Can we get city traffic control to please look at the traffic flow on this corner and come up with a solution? Someone is going to be hit by cars short cutting the corner in order to get onto Eglinton westbound or onto Laird southbound. There are many close calls every day.
It wouldn’t hurt police traffic patrol to sit on this corner for a long while to nab the offenders. Also the corner of Donlea and Laird is becoming a pedestrian no-walk zone from 4 to 5:30 when there is a lot of cut through traffic.
(Ed. Note: The traffic on Laird was on the agenda of the North York Community Council meeting late in June, but past our deadline.)
Urban development in Leaside
My wife and I have been facilitators of change in “knowledge based industries” for more than 30 years. As such, we wish to respond to Patti Knight’s letter in the June 2013 issue of Leaside Life.

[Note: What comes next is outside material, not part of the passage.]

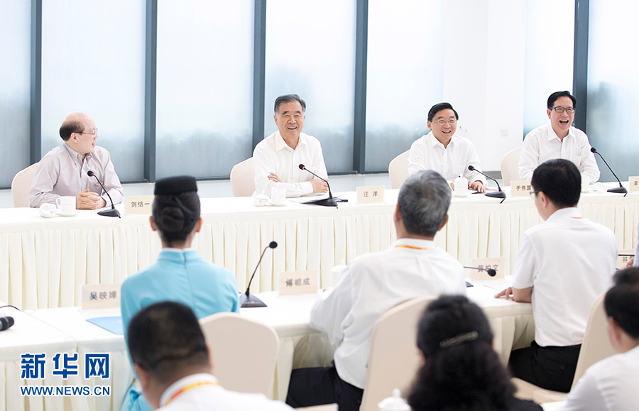 6月6日至7日,中共中央政治局常委、全國政協(xié)主席汪洋在廈門出席第十屆海峽論壇期間,就兩岸經(jīng)濟文化交流合作情況進行調(diào)研。這是6月6日,汪洋與在閩工作的臺灣同胞代表座談。新華社記者 王曄 攝
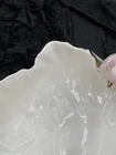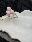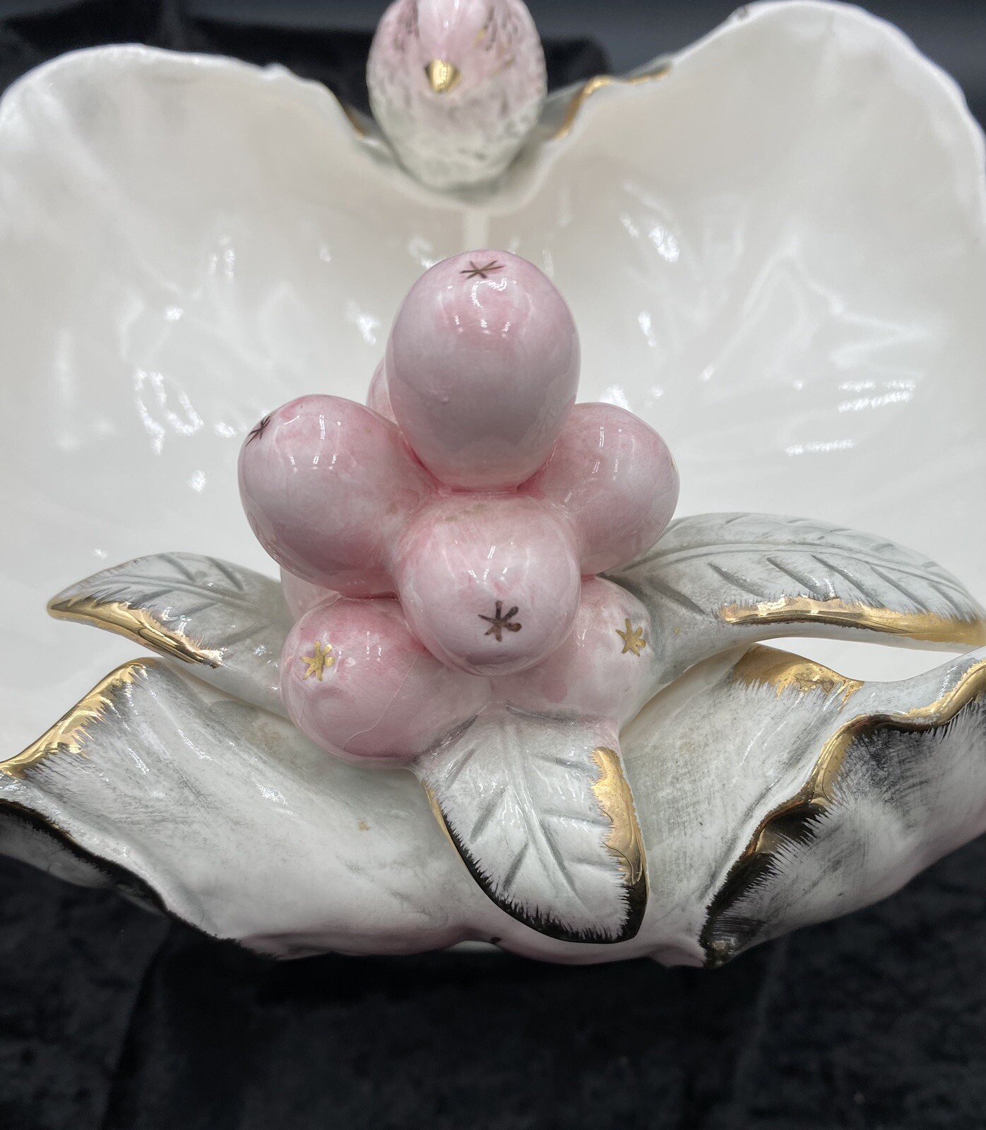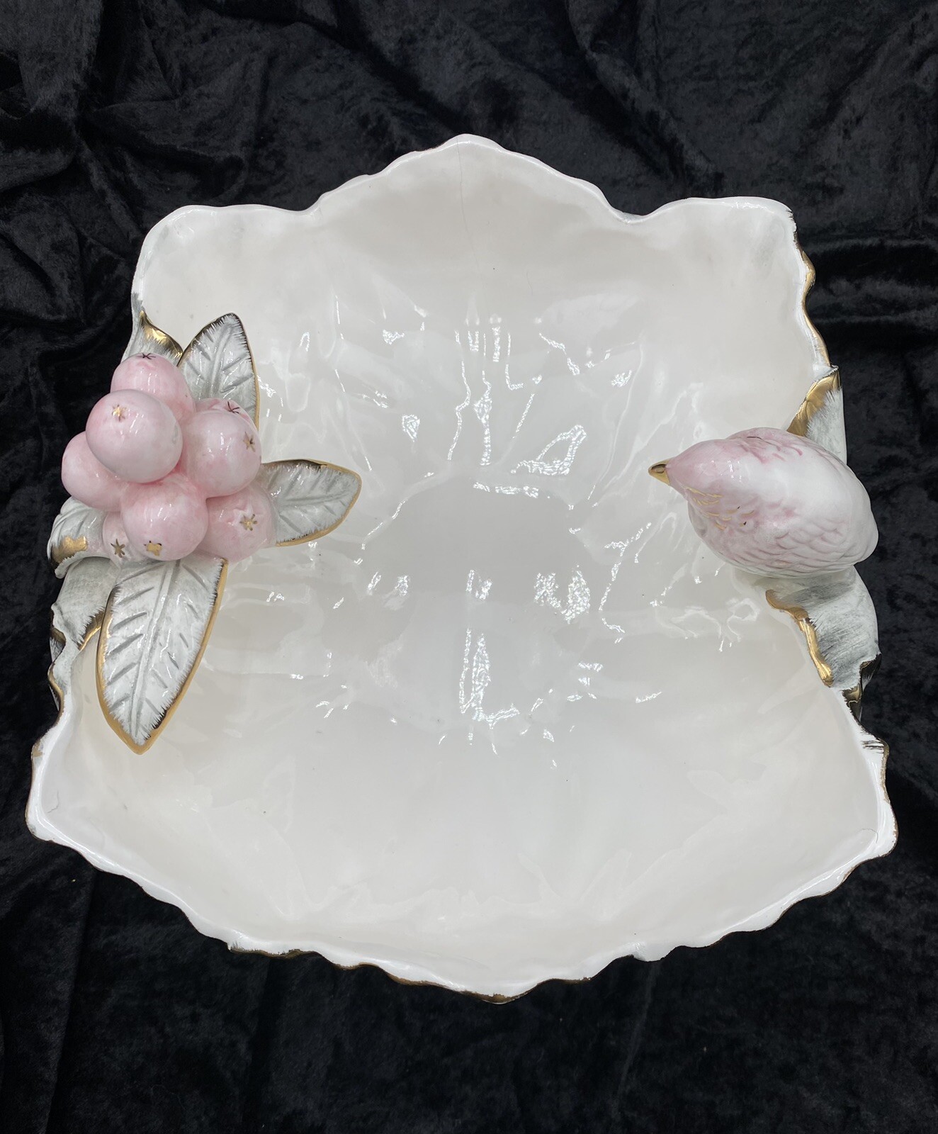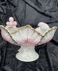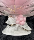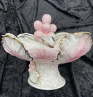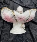 Add a touch of vintage charm to your dining table with this beautiful Ucagco pedestal centerpiece bowl. The piece is hand-painted in shades of pink and light gray, with gold used to highlight features, accents and edging. This original piece from the mid-20th century (the early 1950s) is a must-have for collectors and enthusiasts alike. It has a weight of 2 pounds and 1.4 ounces, and measures 9.25 inches in width and 8 inches in height. The bowl depth is 2.5 inches, making it a perfect addition to any table setting. This centerpiece bowl would be perfect for a winter table! The porcelain centerpiece bowl is in very good used condition. There are no chips. There is a hairline crack on one leaf of the bowl (see picture #12). Otherwise, there is little to no wear; there are a few typical manufacturing blips. Please review all pictures as part of the description. Thank you!

The issues surrounding urban planning and development are far too complex, and the short term and long term consequences far too significant, to be trivialized with the phrases “get with the program” and “get over yourselves”.
There are numerous examples of sensitive urban development that accommodate population growth without high rises, and that respect both the historical and environmental character of established neighbourhoods. We should all be highly sceptical of advocates of “growth” and its benefits, especially when those alleged benefits encompass very large physical and social transformations.
Growth per se is neither inherently good nor bad, nor should opponents of specific development projects be characterized as “resisting change” or “looking backward”. We have travelled in Europe where examples of urban development and renewal that do not involve tearing down existing structures are the norm rather than the exception.
Finally, it is simply not the case that urban development invariably leads to economic improvement (for individuals or neighbourhoods). If such development occurs in defiance of community input, and without due regard for the environment, the economic benefit is negative. Sadly, Leaside now has too many examples where this is the case.
Mick Kahan and Joanne Harack,
Rykert Cres. and Broadway
LOL at the government
I noticed that you wrote Stephen Harper said in the speech he gave at the centennial Leaside gala that he lived in 324 Bessborough Dr. As I live there now I was very interested to see if that was true. I listened to his speech online, and he actually says he lived at 332 Bessborough Dr. I thought you would want to know!
(LL) Thanks. The copy of the speech was sent to us by his office and (we) never thought of checking the number to the audio. (We’ll) check and see what happened.
(GT) No worries! I looked up the copy of his speech as well on the government site (http://pm.gc.ca/eng/media.asp?id=5454), and they had 324 Besmer Dr., so there was obviously some miscommunication! I just didn’t want you to publish anything inaccurately nor take away anything from 332 Bessborough Dr. 🙂
(LL) … guess the lesson is never trust the government!
We have his speech on our website too. www.leasidelifenews.com.
And we will defend to the last drop of blood 332 Bessborough (or Besmer if need be).
Thanks. We’ll get a correction into the next issue of the paper.